AROUND THE INTERNET WORLD
NBC News: How one young history buff is preserving the Gullah Geechee community on TikTok . “The Gullah Geechee people make up one of the oldest and most extraordinary communities in the United States. But if you’ve never heard of them, it might be because their history is often sifted out of textbooks, and the longevity of their culture is now in danger. This distinctly African American community began on the eastern coastal islands — spanning from Florida all the way up to North Carolina in the 1600s. Slaves, mostly from West Africa, lived in complete isolation from the continental United States, separated by rivers, swamps and waterways that weren’t easy to cross.”

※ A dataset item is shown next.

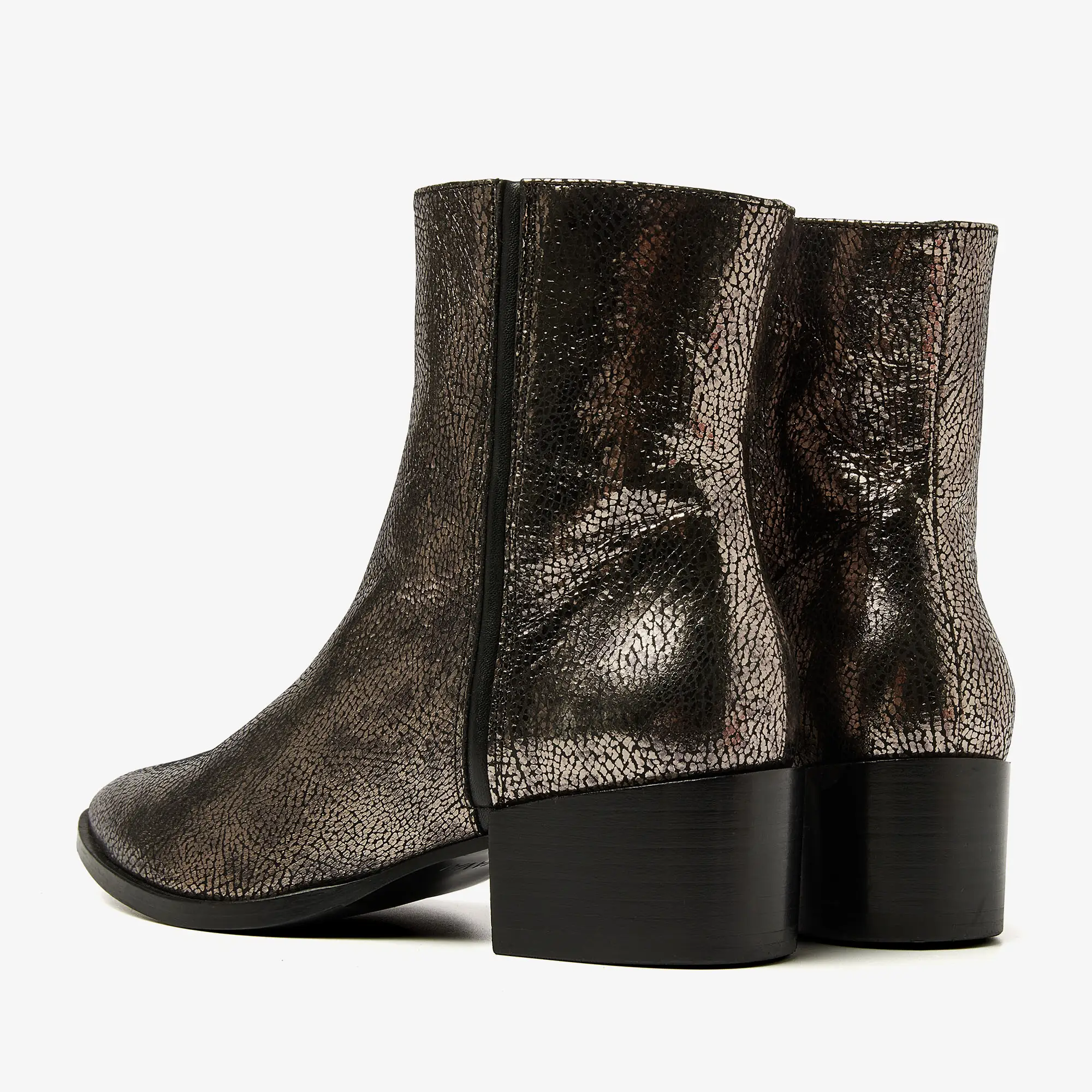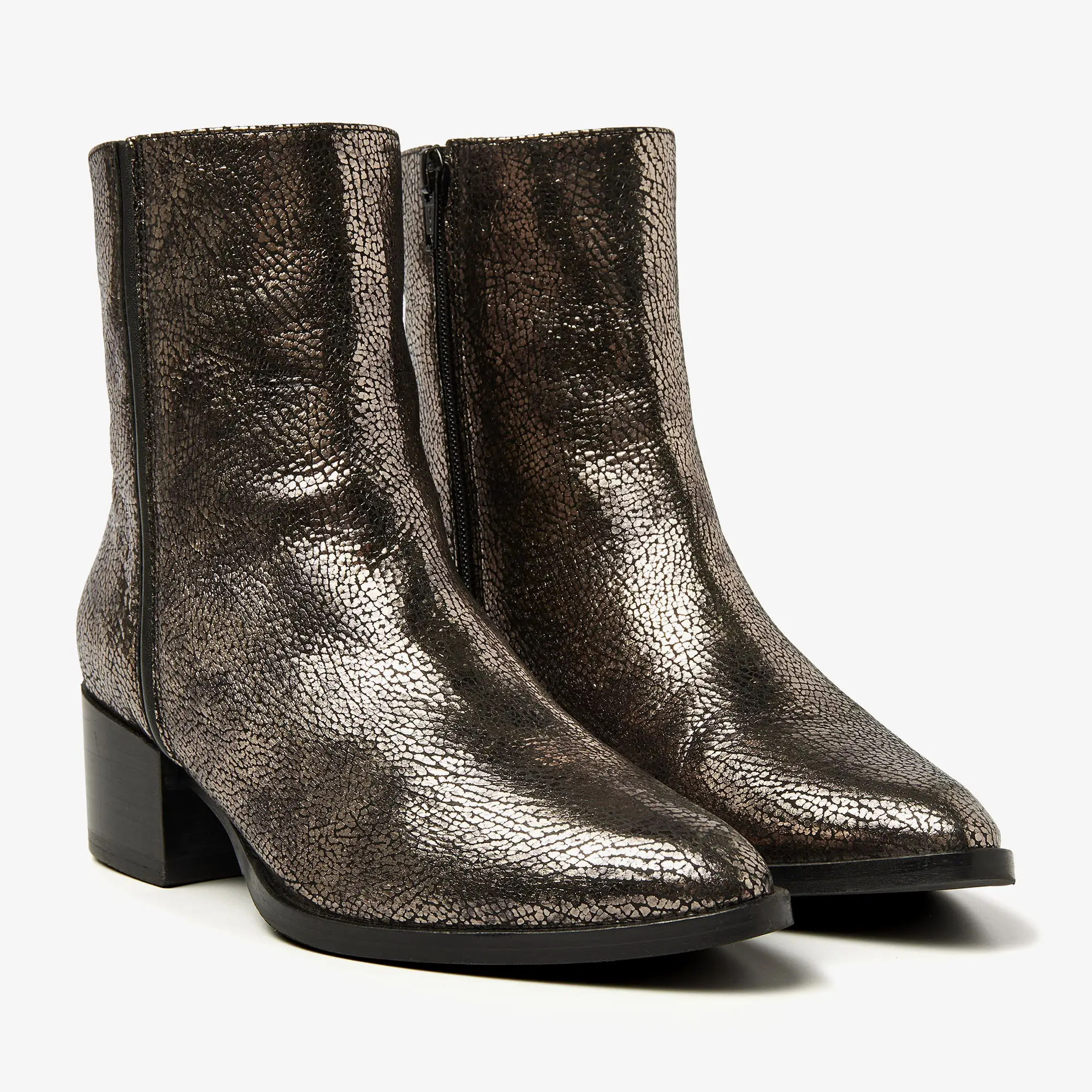 metallic enkellaarsjes zijn gemaakt van hoogwaardig leer voor een trendy look. Het subtiele blokhakje geeft je net wat extra lengte voor een vrouwelijke touch. Extra leuk: de overgang van het hakje naar de zool voegt een speels effect toe

Times of India: E-archive To Collate Data On Ancient, Colonial Indian Laws For Easy Access And Awareness. “To make sources of legal history easily available to scholars, lawyers and judges, and to raise awareness among present and future generations about ancient and medieval Indian laws, the Centre for Studies In Legal History of the West Bengal National University of Juridical Sciences (WBNUJS), Kolkata, will establish an electronic archive on legal history comprising ancient, medieval and colonial Indian laws up to 1947 that are still being used in the country.”
New York Times: Google Says It’s Time for Longtime Small-Business Users to Pay Up. “While the cost of the paid service is more of an annoyance than a hard financial hit, small-business owners affected by the change say they have been disappointed by the ham-handed way that Google has dealt with the process. They can’t help but feel that a giant company with billions of dollars in profits is squeezing little guys — some of the first businesses to use Google’s apps for work — for just a bit of money.”
SECURITY & LEGAL
Reuters: Japan set to fine Twitter, Meta, Google if they neglect domestic registry – Nikkei. “The Japanese government is set to levy fines against 48 tech companies… for failing to register their headquarters in the country, the Nikkei newspaper reported on Monday.”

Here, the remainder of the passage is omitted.